## REQUIREMENT
The task calls for every line of the data to be repeated exactly.

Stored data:
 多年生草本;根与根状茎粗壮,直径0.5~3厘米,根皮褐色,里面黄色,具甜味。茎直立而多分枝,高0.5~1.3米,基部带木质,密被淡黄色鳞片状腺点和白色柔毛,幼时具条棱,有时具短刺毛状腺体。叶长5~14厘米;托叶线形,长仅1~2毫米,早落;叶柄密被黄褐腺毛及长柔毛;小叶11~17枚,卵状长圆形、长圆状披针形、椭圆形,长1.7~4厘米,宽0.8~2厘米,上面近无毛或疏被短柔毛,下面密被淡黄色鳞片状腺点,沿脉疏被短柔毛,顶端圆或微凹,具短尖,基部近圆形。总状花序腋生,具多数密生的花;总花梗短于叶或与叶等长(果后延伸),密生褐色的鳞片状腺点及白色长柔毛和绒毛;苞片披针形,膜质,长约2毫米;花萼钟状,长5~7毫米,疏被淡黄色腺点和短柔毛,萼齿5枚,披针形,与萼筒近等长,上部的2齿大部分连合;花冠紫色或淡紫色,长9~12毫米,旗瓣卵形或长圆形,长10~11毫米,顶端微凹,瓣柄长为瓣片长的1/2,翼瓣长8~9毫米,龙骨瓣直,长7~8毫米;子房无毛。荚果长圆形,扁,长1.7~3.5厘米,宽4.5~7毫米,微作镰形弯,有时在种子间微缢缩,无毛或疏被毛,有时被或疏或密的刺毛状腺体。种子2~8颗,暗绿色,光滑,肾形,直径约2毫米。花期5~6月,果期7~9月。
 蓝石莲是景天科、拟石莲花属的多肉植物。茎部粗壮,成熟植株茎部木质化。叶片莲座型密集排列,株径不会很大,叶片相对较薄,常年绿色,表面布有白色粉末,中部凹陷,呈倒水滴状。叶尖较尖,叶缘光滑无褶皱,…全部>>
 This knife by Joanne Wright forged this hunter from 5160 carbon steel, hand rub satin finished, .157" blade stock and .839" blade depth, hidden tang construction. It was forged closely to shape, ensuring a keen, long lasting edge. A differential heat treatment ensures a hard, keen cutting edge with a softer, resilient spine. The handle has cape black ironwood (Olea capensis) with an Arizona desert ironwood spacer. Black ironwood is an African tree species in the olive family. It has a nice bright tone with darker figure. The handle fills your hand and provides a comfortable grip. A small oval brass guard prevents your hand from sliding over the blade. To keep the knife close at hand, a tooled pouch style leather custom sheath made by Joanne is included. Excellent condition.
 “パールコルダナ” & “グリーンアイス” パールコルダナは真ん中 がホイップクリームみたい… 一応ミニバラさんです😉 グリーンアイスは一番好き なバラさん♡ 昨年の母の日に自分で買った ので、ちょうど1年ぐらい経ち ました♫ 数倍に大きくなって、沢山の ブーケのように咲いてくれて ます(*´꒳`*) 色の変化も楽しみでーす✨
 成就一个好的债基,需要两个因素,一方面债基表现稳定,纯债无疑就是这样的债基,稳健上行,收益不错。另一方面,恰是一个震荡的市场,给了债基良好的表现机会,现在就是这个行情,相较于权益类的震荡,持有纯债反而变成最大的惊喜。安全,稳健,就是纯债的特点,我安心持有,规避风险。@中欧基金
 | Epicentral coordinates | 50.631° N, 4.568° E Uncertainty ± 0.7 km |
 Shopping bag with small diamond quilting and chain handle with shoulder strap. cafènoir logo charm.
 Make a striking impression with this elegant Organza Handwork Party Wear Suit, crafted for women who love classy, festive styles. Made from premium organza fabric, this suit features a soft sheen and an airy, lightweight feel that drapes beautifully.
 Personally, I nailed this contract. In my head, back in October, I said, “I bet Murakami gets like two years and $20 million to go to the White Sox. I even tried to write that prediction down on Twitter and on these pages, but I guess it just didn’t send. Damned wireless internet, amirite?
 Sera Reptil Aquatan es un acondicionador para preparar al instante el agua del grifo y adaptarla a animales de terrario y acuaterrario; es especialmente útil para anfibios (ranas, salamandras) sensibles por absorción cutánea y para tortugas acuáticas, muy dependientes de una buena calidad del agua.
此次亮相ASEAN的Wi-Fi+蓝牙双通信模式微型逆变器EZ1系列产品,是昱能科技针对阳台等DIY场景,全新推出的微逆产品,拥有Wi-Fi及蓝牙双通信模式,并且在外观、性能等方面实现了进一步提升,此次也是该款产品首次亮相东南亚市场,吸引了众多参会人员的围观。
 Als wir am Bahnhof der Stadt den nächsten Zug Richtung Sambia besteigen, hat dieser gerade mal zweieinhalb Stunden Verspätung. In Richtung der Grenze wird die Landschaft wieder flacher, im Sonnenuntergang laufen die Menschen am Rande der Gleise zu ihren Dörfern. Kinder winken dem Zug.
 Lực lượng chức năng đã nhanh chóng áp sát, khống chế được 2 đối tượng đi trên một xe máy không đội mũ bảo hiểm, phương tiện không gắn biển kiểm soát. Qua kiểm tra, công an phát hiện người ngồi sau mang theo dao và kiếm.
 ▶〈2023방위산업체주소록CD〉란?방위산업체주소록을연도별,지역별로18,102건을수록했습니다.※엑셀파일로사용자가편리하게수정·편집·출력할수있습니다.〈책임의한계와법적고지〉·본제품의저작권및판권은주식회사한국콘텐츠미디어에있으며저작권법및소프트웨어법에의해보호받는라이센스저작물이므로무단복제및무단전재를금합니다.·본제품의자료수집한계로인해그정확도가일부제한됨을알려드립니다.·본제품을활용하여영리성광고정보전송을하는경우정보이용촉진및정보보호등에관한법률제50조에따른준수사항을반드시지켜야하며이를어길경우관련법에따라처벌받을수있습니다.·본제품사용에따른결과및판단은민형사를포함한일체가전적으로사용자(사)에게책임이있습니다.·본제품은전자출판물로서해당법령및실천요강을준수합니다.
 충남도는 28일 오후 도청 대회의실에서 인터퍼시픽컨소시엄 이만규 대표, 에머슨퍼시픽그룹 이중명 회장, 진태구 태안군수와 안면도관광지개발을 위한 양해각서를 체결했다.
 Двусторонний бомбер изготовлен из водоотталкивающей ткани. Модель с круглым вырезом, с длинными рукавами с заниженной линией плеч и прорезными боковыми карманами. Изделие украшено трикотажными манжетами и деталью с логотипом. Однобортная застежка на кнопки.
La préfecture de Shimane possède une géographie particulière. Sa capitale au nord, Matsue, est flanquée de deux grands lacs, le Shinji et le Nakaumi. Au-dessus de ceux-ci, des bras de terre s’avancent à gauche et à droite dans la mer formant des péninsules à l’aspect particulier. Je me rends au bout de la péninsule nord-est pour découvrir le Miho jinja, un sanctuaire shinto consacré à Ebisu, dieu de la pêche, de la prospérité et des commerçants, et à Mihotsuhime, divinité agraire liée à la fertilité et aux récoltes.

## OUTPUT OF THE TASK
 多年生草本;根与根状茎粗壮,直径0.5~3厘米,根皮褐色,里面黄色,具甜味。茎直立而多分枝,高0.5~1.3米,基部带木质,密被淡黄色鳞片状腺点和白色柔毛,幼时具条棱,有时具短刺毛状腺体。叶长5~14厘米;托叶线形,长仅1~2毫米,早落;叶柄密被黄褐腺毛及长柔毛;小叶11~17枚,卵状长圆形、长圆状披针形、椭圆形,长1.7~4厘米,宽0.8~2厘米,上面近无毛或疏被短柔毛,下面密被淡黄色鳞片状腺点,沿脉疏被短柔毛,顶端圆或微凹,具短尖,基部近圆形。总状花序腋生,具多数密生的花;总花梗短于叶或与叶等长(果后延伸),密生褐色的鳞片状腺点及白色长柔毛和绒毛;苞片披针形,膜质,长约2毫米;花萼钟状,长5~7毫米,疏被淡黄色腺点和短柔毛,萼齿5枚,披针形,与萼筒近等长,上部的2齿大部分连合;花冠紫色或淡紫色,长9~12毫米,旗瓣卵形或长圆形,长10~11毫米,顶端微凹,瓣柄长为瓣片长的1/2,翼瓣长8~9毫米,龙骨瓣直,长7~8毫米;子房无毛。荚果长圆形,扁,长1.7~3.5厘米,宽4.5~7毫米,微作镰形弯,有时在种子间微缢缩,无毛或疏被毛,有时被或疏或密的刺毛状腺体。种子2~8颗,暗绿色,光滑,肾形,直径约2毫米。花期5~6月,果期7~9月。
 蓝石莲是景天科、拟石莲花属的多肉植物。茎部粗壮,成熟植株茎部木质化。叶片莲座型密集排列,株径不会很大,叶片相对较薄,常年绿色,表面布有白色粉末,中部凹陷,呈倒水滴状。叶尖较尖,叶缘光滑无褶皱,…全部>>
 This knife by Joanne Wright forged this hunter from 5160 carbon steel, hand rub satin finished, .157" blade stock and .839" blade depth, hidden tang construction. It was forged closely to shape, ensuring a keen, long lasting edge. A differential heat treatment ensures a hard, keen cutting edge with a softer, resilient spine. The handle has cape black ironwood (Olea capensis) with an Arizona desert ironwood spacer. Black ironwood is an African tree species in the olive family. It has a nice bright tone with darker figure. The handle fills your hand and provides a comfortable grip. A small oval brass guard prevents your hand from sliding over the blade. To keep the knife close at hand, a tooled pouch style leather custom sheath made by Joanne is included. Excellent condition.
 “パールコルダナ” & “グリーンアイス” パールコルダナは真ん中 がホイップクリームみたい… 一応ミニバラさんです😉 グリーンアイスは一番好き なバラさん♡ 昨年の母の日に自分で買った ので、ちょうど1年ぐらい経ち ました♫ 数倍に大きくなって、沢山の ブーケのように咲いてくれて ます(*´꒳`*) 色の変化も楽しみでーす✨
 成就一个好的债基,需要两个因素,一方面债基表现稳定,纯债无疑就是这样的债基,稳健上行,收益不错。另一方面,恰是一个震荡的市场,给了债基良好的表现机会,现在就是这个行情,相较于权益类的震荡,持有纯债反而变成最大的惊喜。安全,稳健,就是纯债的特点,我安心持有,规避风险。@中欧基金
 | Epicentral coordinates | 50.631° N, 4.568° E Uncertainty ± 0.7 km |
 Shopping bag with small diamond quilting and chain handle with shoulder strap. cafènoir logo charm.
 Make a striking impression with this elegant Organza Handwork Party Wear Suit, crafted for women who love classy, festive styles. Made from premium organza fabric, this suit features a soft sheen and an airy, lightweight feel that drapes beautifully.
 Personally, I nailed this contract. In my head, back in October, I said, “I bet Murakami gets like two years and $20 million to go to the White Sox. I even tried to write that prediction down on Twitter and on these pages, but I guess it just didn’t send. Damned wireless internet, amirite?
 Sera Reptil Aquatan es un acondicionador para preparar al instante el agua del grifo y adaptarla a animales de terrario y acuaterrario; es especialmente útil para anfibios (ranas, salamandras) sensibles por absorción cutánea y para tortugas acuáticas, muy dependientes de una buena calidad del agua.
此次亮相ASEAN的Wi-Fi+蓝牙双通信模式微型逆变器EZ1系列产品,是昱能科技针对阳台等DIY场景,全新推出的微逆产品,拥有Wi-Fi及蓝牙双通信模式,并且在外观、性能等方面实现了进一步提升,此次也是该款产品首次亮相东南亚市场,吸引了众多参会人员的围观。
 Als wir am Bahnhof der Stadt den nächsten Zug Richtung Sambia besteigen, hat dieser gerade mal zweieinhalb Stunden Verspätung. In Richtung der Grenze wird die Landschaft wieder flacher, im Sonnenuntergang laufen die Menschen am Rande der Gleise zu ihren Dörfern. Kinder winken dem Zug.
 Lực lượng chức năng đã nhanh chóng áp sát, khống chế được 2 đối tượng đi trên một xe máy không đội mũ bảo hiểm, phương tiện không gắn biển kiểm soát. Qua kiểm tra, công an phát hiện người ngồi sau mang theo dao và kiếm.
 ▶〈2023방위산업체주소록CD〉란?방위산업체주소록을연도별,지역별로18,102건을수록했습니다.※엑셀파일로사용자가편리하게수정·편집·출력할수있습니다.〈책임의한계와법적고지〉·본제품의저작권및판권은주식회사한국콘텐츠미디어에있으며저작권법및소프트웨어법에의해보호받는라이센스저작물이므로무단복제및무단전재를금합니다.·본제품의자료수집한계로인해그정확도가일부제한됨을알려드립니다.·본제품을활용하여영리성광고정보전송을하는경우정보이용촉진및정보보호등에관한법률제50조에따른준수사항을반드시지켜야하며이를어길경우관련법에따라처벌받을수있습니다.·본제품사용에따른결과및판단은민형사를포함한일체가전적으로사용자(사)에게책임이있습니다.·본제품은전자출판물로서해당법령및실천요강을준수합니다.
 충남도는 28일 오후 도청 대회의실에서 인터퍼시픽컨소시엄 이만규 대표, 에머슨퍼시픽그룹 이중명 회장, 진태구 태안군수와 안면도관광지개발을 위한 양해각서를 체결했다.
 Двусторонний бомбер изготовлен из водоотталкивающей ткани. Модель с круглым вырезом, с длинными рукавами с заниженной линией плеч и прорезными боковыми карманами. Изделие украшено трикотажными манжетами и деталью с логотипом. Однобортная застежка на кнопки.
La préfecture de Shimane possède une géographie particulière. Sa capitale au nord, Matsue, est flanquée de deux grands lacs, le Shinji et le Nakaumi. Au-dessus de ceux-ci, des bras de terre s’avancent à gauche et à droite dans la mer formant des péninsules à l’aspect particulier. Je me rends au bout de la péninsule nord-est pour découvrir le Miho jinja, un sanctuaire shinto consacré à Ebisu, dieu de la pêche, de la prospérité et des commerçants, et à Mihotsuhime, divinité agraire liée à la fertilité et aux récoltes.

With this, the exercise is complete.